> **Data in this exercise**:

........

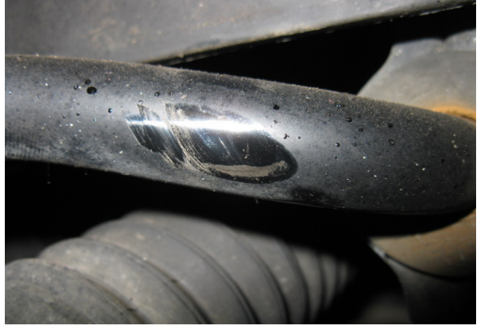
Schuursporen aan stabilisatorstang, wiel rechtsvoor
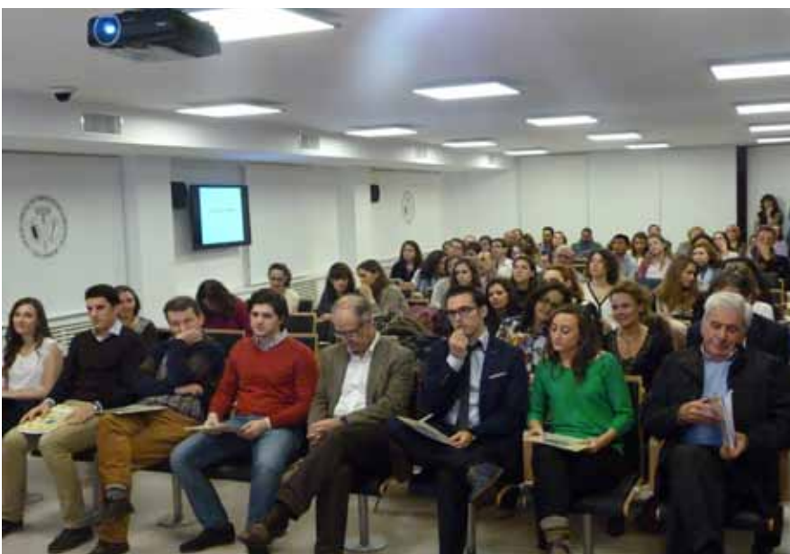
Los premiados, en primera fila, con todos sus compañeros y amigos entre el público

........

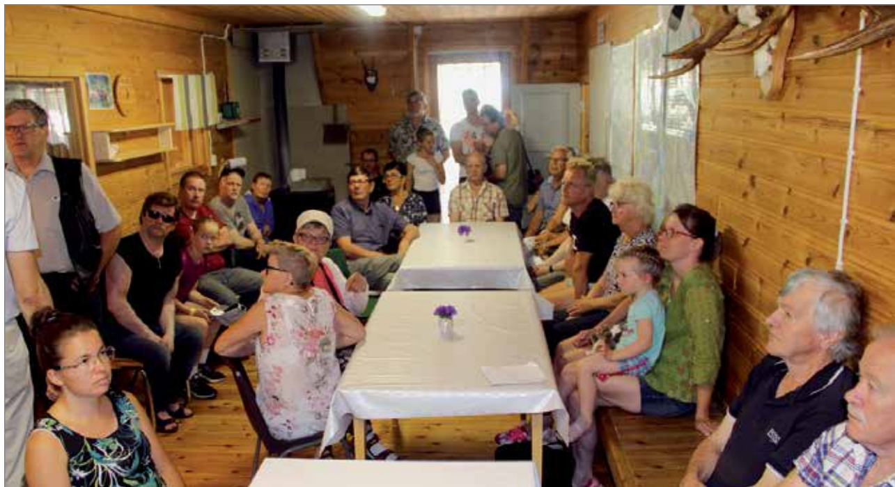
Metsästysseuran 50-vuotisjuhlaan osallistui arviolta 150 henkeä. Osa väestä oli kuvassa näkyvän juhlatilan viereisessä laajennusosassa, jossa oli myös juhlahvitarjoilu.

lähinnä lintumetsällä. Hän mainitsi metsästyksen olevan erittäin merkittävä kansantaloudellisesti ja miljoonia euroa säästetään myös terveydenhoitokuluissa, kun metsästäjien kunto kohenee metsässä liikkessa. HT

........

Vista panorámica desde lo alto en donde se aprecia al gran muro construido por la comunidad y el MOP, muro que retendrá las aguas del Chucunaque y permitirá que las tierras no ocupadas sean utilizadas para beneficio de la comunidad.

........

> **Problem**: What you return must match, character for character, the lines above from the one with "Schuursporen aan stabilisatorstang, wiel" through the one with "Los premiados, en", minus any pictures.

> **Output for this exercise**:
Schuursporen aan stabilisatorstang, wiel rechtsvoor
Los premiados, en primera fila, con todos sus compañeros y amigos entre el público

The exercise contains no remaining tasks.